FIG. 2A is a flow diagram illustrating a method of obtaining semantic features in accordance with an exemplary embodiment.
FIG. 2B is a flow diagram illustrating a method of obtaining semantic features in accordance with another exemplary embodiment.
FIG. 3 illustrates a flow diagram of a method of text proofing according to another exemplary embodiment.
FIG. 4 illustrates a flow diagram of a method of text proofing according to another exemplary embodiment.
FIG. 5 illustrates a flow diagram of a method of text proofing according to another exemplary embodiment.
FIG. 6 illustrates a block diagram of a text proofing apparatus according to an exemplary embodiment.
FIG. 7 is a block diagram illustrating an electronic device in accordance with an example embodiment.
FIG. 8 is a block diagram illustrating an electronic device in accordance with an example embodiment.
Detailed Description
The following detailed description of specific embodiments of the present disclosure is provided in connection with the accompanying drawings. It should be understood that the detailed description and specific examples, while indicating the present disclosure, are given by way of illustration and explanation only, not limitation.
FIG. 1 illustrates a flow diagram of a method of text proofing according to an exemplary embodiment. As shown in fig. 1, the above method may include the following steps 101 to 104.
In step 101, error correction information of each sentence in the text to be corrected is determined, wherein the error correction information includes an error word and at least one error correction word corresponding to the error word.
In the present disclosure, the error correction information may include 0, 1, or a plurality of error words, and each error word may correspond to 1 or more error correction words (i.e., error correction suggestions).
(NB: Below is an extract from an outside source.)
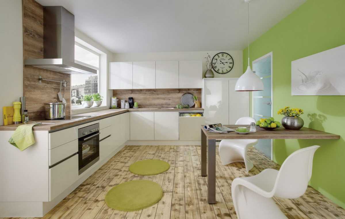 Это направление гармонично сочетает фисташковый с бежевыми или желтыми нотками. Добавьте в пространство кухни текстиль и мебель в этих тонах. Акцент делается на фисташковый, все остальные цвета идут в качестве дополнения.
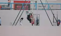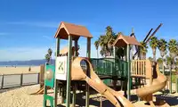Venice Beach, while it bears the name "Venice," is actually a Los Angeles locale. The name originated from a network of canals dug into the area of the city adjacent to the beach, earning it the nickname "Venice," much like Suzhou being called the Venice of the East. Venice Beach is perhaps the most secular part of Los Angeles. Unlike Santa Monica Beach, which is packed with international tourists, or Malibu, where it's more upscale, it's a vibrant place for all walks of life. You'll find vendors selling all sorts of unique goods, street performers, street basketball, roller skating, skateboarding, cycling, beach volleyball, and other sports, as well as graffiti and hip-hop artists. It's a bustling scene. This is probably the most crowded beach in Los Angeles. Every available parking spot is filled, and people are imaginatively squeezing in where no parking is clearly marked. I wasn't so adept at that, so I found a paid parking lot a little further away. If you go after 4 p.m., you can find a spot in the beachfront parking lot, and the rates are discounted. We arrived in the afternoon, the sun still high, and the beach was too hot. We first wandered around the street market and the street performances, but we couldn't handle the hustle and bustle anymore. We'd been terrified back home of the crowds, and we were so tired of them. We went abroad for the quiet, so we took one look and left. The beach was huge, with a section designated for children. Tuanzi took a fancy to the swings and swung on them for a long time. There's a small park near our apartment, and the standard park amenities are a sand pit, a slide, and swings. Tuanzi, without any instruction, learned to swing on his own after dozens of attempts. He often says, "Look, Dad, I can swing so high!"

For example, the sentence "today is really good. "the error correction information is: the error word "weather" and its corresponding error word "weather".
Also, in the present disclosure, the error correction information of each sentence in the text to be collated may be determined in various ways. In one embodiment, the error correction information may be obtained by an N-gram model. Specifically, this can be achieved by: (1) after the text to be corrected is obtained, word segmentation processing, part-of-speech tagging and other operations can be performed on the text; (2) based on a huge corpus, an N-gram model is adopted to perform positioning operation of error words, and a possible error position is detected; (3) further detecting the position which is possibly wrong by using a part-of-speech N-gram method, and if the position is detected to be unreasonable, judging the position to be wrong, and defining the position to be a wrong word; (4) and carrying out error correction processing on the error words and providing corresponding error correction words. Therefore, the error correction information of each sentence in the text to be corrected can be acquired.
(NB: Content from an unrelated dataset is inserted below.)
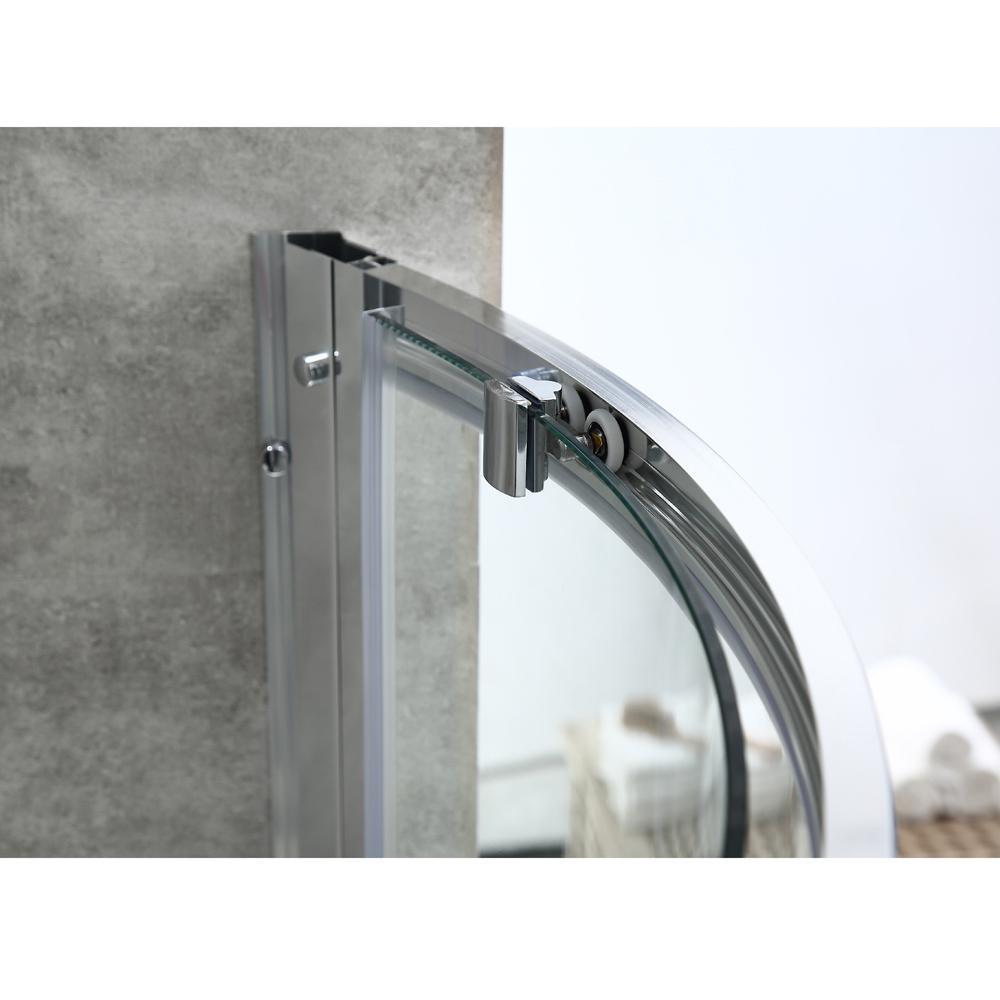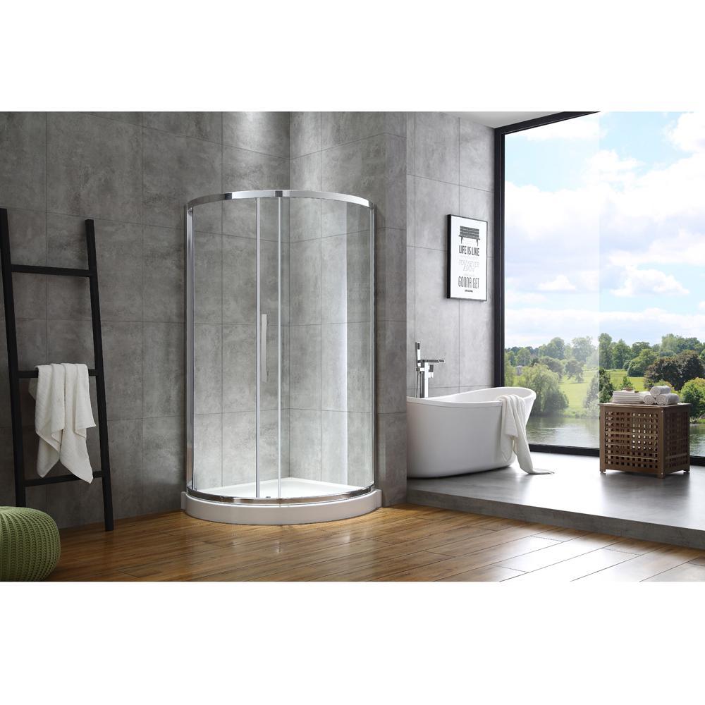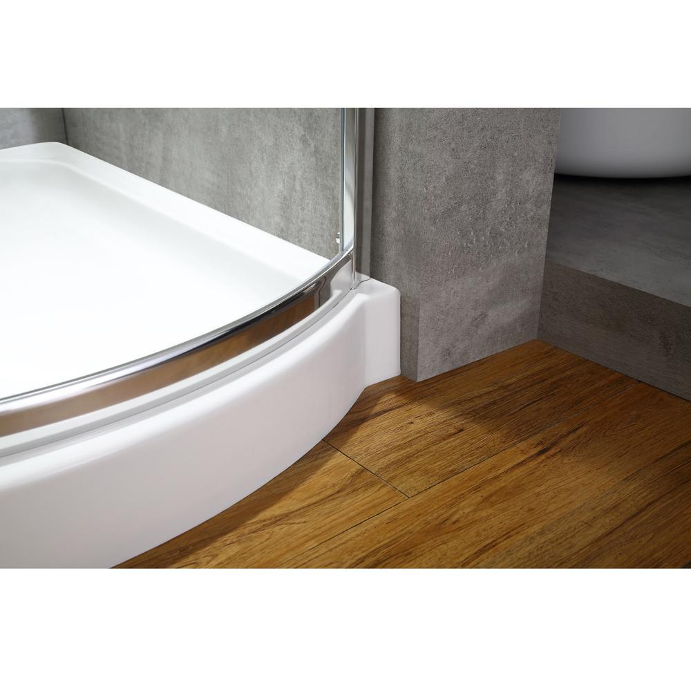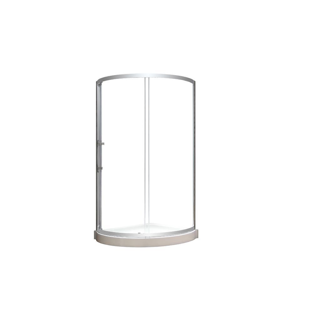 Squeeze extra space out of your bathroom with the Maia 36 in. round corner shower stall kit enclosure by Glacier Bay. Clear glass rounded sliding shower doors with chrome trim and a stylish oversized handle open smoothly and silently on premium rolling hardware. Pure white acrylic low profile shower base threshold height allows easy access in and out.

In another embodiment, the error correction information may be obtained by reverse error correction (i.e., character matching). Specifically, after the text to be corrected is obtained, word segmentation processing can be performed on the text to be corrected; and then, for each word segmentation, respectively matching the word segmentation with each word in a preset word bank to obtain a plurality of matching degrees, if the maximum value of the plurality of matching degrees is smaller than a preset matching degree threshold value, determining the word segmentation as an error word, and determining a word corresponding to one or more matching degrees which are ranked earlier in the preset word bank and the plurality of matching degrees as an error correction word corresponding to the error word, wherein the matching degrees are sorted from big to small. Therefore, the error correction information of each sentence in the text to be corrected can be acquired.
In addition, the preset lexicon may be a database composed of words, and the preset lexicon may be generated based on a huge preset lexicon or an existing lexicon, which is not specifically limited in the present disclosure. The preset matching degree threshold may be a value set by a user, or may be a default empirical value, which is not specifically limited in this disclosure.
In another embodiment, the error correction information may be obtained by an N-gram model and a reverse error correction, and then the obtained error correction information is de-overlapped, and the de-overlapped and combined error correction information is used as the error correction information of each sentence in the text to be corrected. Therefore, the comprehensiveness of error word detection can be improved, and the accuracy of text proofreading is improved.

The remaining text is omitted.